Exercise goal
In the entries below, find the line with "Jay Trace |" and the line with "表 2 國(guó)內(nèi)常用的動(dòng)力鋰離子電池標(biāo)準(zhǔn)"; reproduce those two lines and all lines between them exactly, without pictures.

Data
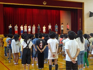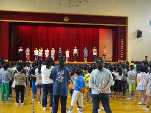 5月15日(月)児童朝会で各委員会の委員長と前期代表委員の紹介がありました。一人ずつ決意の言葉をしっかりと言えていました。「笑顔いっぱいの学校にしたい」など、うれしい言葉でした。活発な児童会活動になると思います。
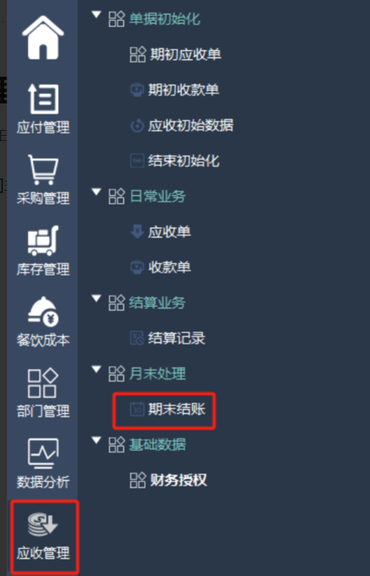 应收系统未结束初始化不能结账;当前期间内的应收及收款单据未全为已过账或已收款状态不能结账。
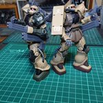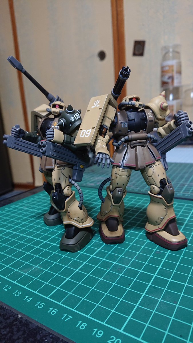 #今年作ったプラモ晒そうぜ ほぼ月1ペース? ジム7体、ザク4体。 ヴァースキ大尉のナイトシーカーかな? 時間かかったのは。 ヴァースキの「継ぎはぎのオモチャ」ってセリフを実感。 バレンスタインとカワセのナイトシーカーは、悩む。
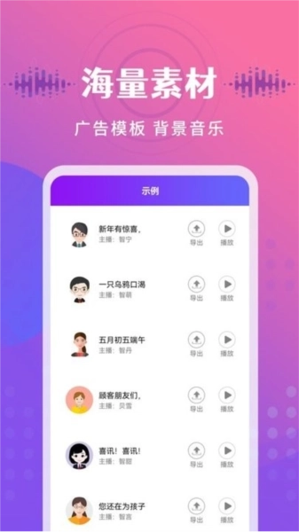 3、丰富多样的样音文案模板与优质背景音乐,助你打造专属配音效果,还有大量真人成品录音可供挑选。
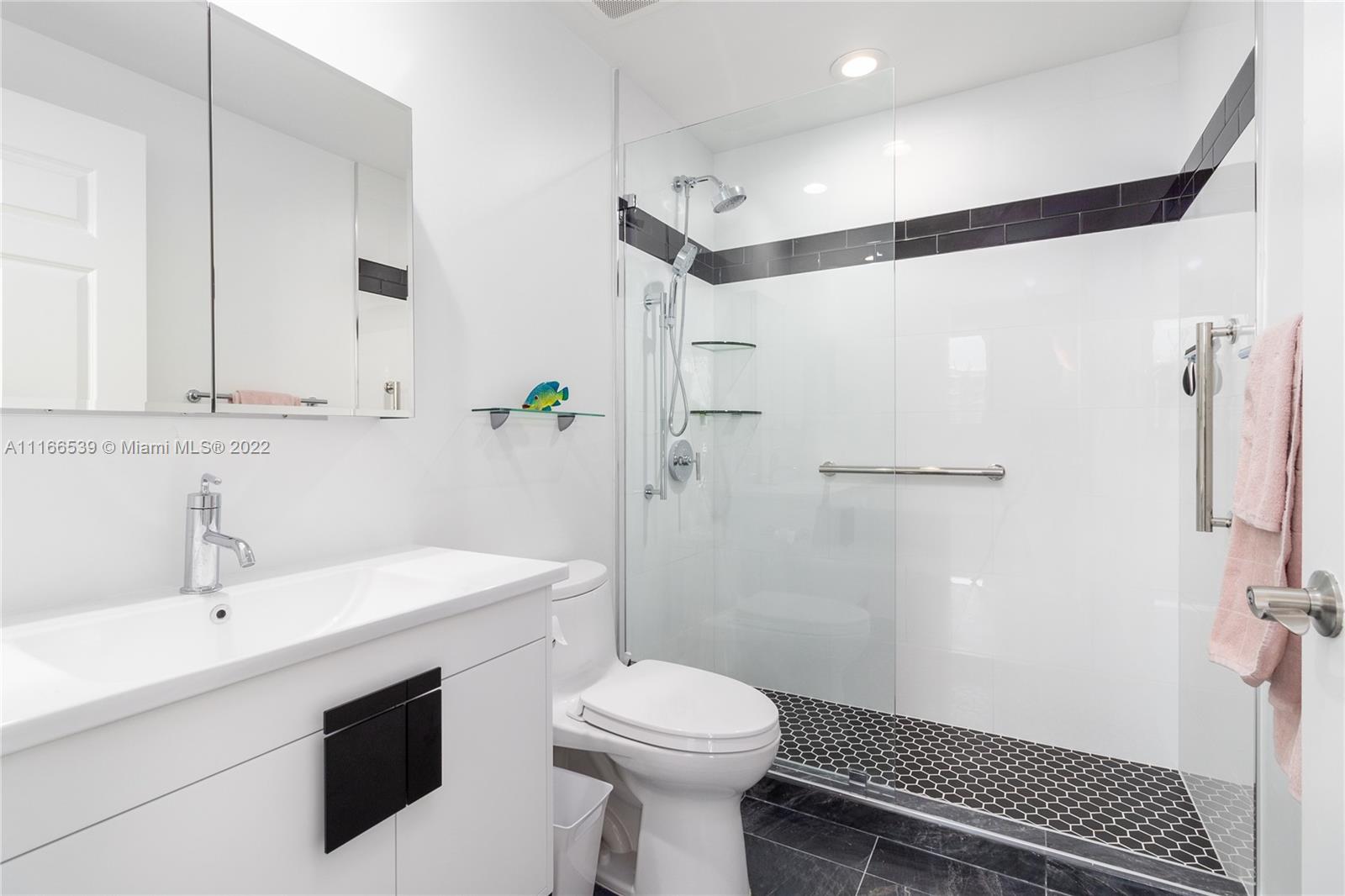 Recently finished complete renovation. This split 2 bdrm w/2 full bath has 10 ft ceilings. All Kitchen appliances are Bosch the electric range, dishwasher, microwave/convection oven, quartz countertop & tile backsplash. Pantry & Laundry room w/ full-size LG washer/dryer. Seamless tile floors 48 X 24. Both baths have been updated w/ all new tile, vanities, medicine cabinets, lighting, glass shower doors, Kohler showerheads. The Master bath has an extra-large sink & a seat in the shower. Custom closets throughout. The Master bedroom has its own balcony entry. All rooms look beyond the golf course towards the ocean & sunrises. A fully equipped gym overlooks the pool. Covered, above-ground parking. 24 hr security, concierge & valet service. Easy access to beaches, shops, I95 & FTL Airport.
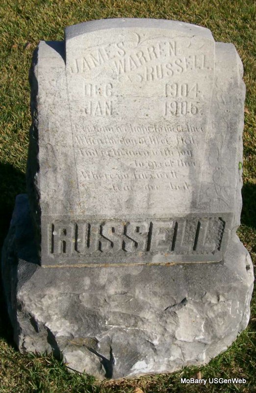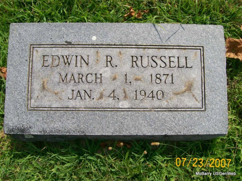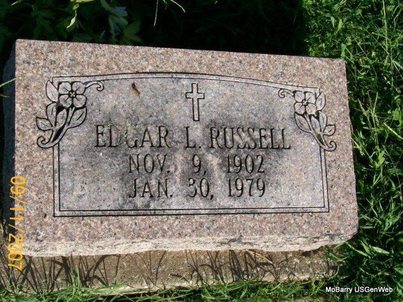 | RUSSELL, Edgar L. | Nov. 9, 1902 | Jan. 30, 1979 | Research Note: He is buried next to Ann Russell. - Possible marriage record: Edgar L. Russell married Lucy Ann Cox on Mar. 3, 1909 in Hopkins, Nodaway Co., MO. | MO Marriage Records Phyllis Long Photo Jay Trace |
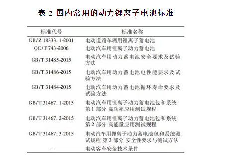 表 2 國(guó)內(nèi)常用的動(dòng)力鋰離子電池標(biāo)準(zhǔn)
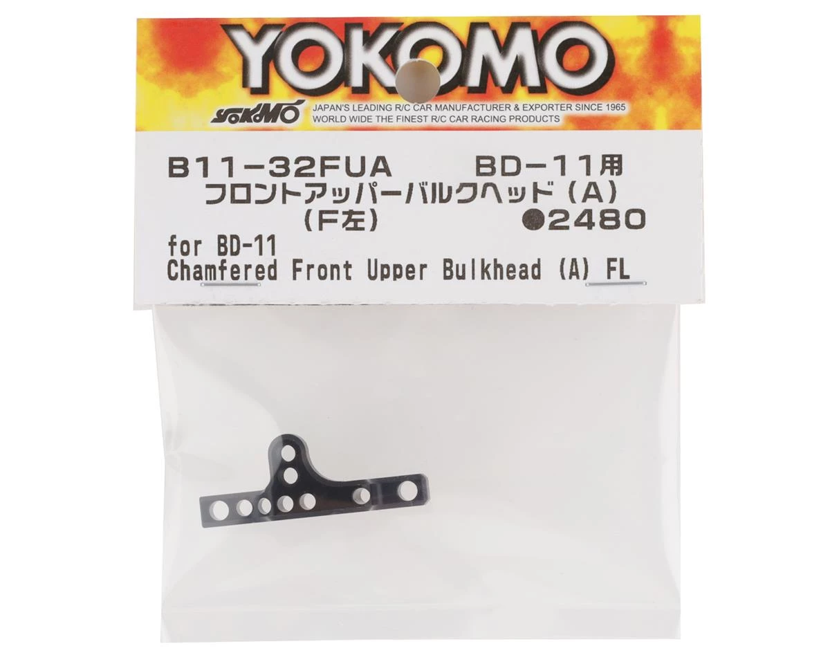 Yokomo BD11 Aluminum Front Upper Bulkhead. This replacement upper bulkhead is intended for the front of the Yokomo BD11. Package includes one upper front bulkhead.
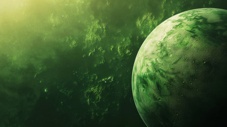 Image of green planet in green galaxy. Astronomy, cosmos, universe and space exploration concept digitally generated image.
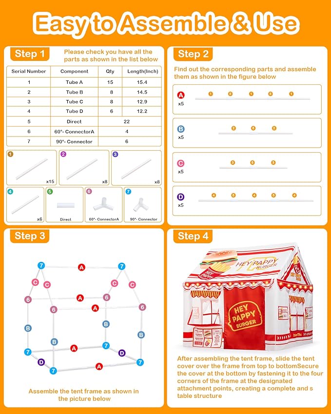 - Easy to Assemble: No tools are required, an adult can assemble the indoor tent in 15 minutes, this toddler playhouse tent come with a detailed step-by-step instructions. Whether indoors, in the backyard, or at the park, assembly is a breeze—just press firmly to secure the poles and ensure a snug fit for the fabric cover. Come and build a small house with your kids today!
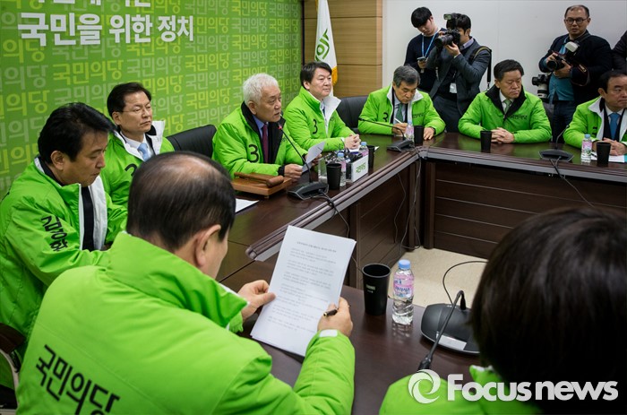 (서울=포커스뉴스) 7일 오전 서울 마포구 당사에서 열린 선거대책위원회의에 참석한 김한길 국민의당 상임 선대위원장이 모두발언을 하고 있다.
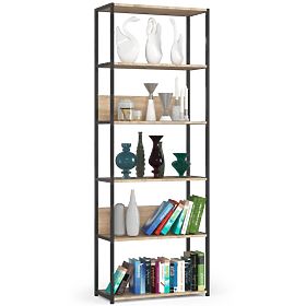 The metal loft shelf is a practical and modern piece of furniture suitable for both the living room and the office. The shelf features a black metal frame and 6 shelves in Sonoma oak color. The shelves are made from 16 mm thick laminated board, a durable and sturdy material known for its high abrasion resistance. Additionally, the edges are protected with ABS edging, ensuring the furniture looks good even with very intensive daily use. The shelf is equipped with 6 shelves where you can place items you want to display or keep handy. Overall, it has a very stylish and modern appearance.
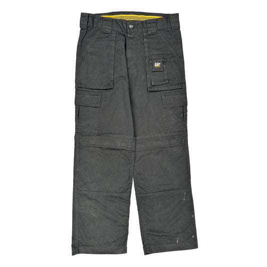 Cat Double Knee Cargo Trousers - 34W 32L Black Cotton

Your solution
 | RUSSELL, Edgar L. | Nov. 9, 1902 | Jan. 30, 1979 | Research Note: He is buried next to Ann Russell. - Possible marriage record: Edgar L. Russell married Lucy Ann Cox on Mar. 3, 1909 in Hopkins, Nodaway Co., MO. | MO Marriage Records Phyllis Long Photo Jay Trace |
 表 2 國(guó)內(nèi)常用的動(dòng)力鋰離子電池標(biāo)準(zhǔn)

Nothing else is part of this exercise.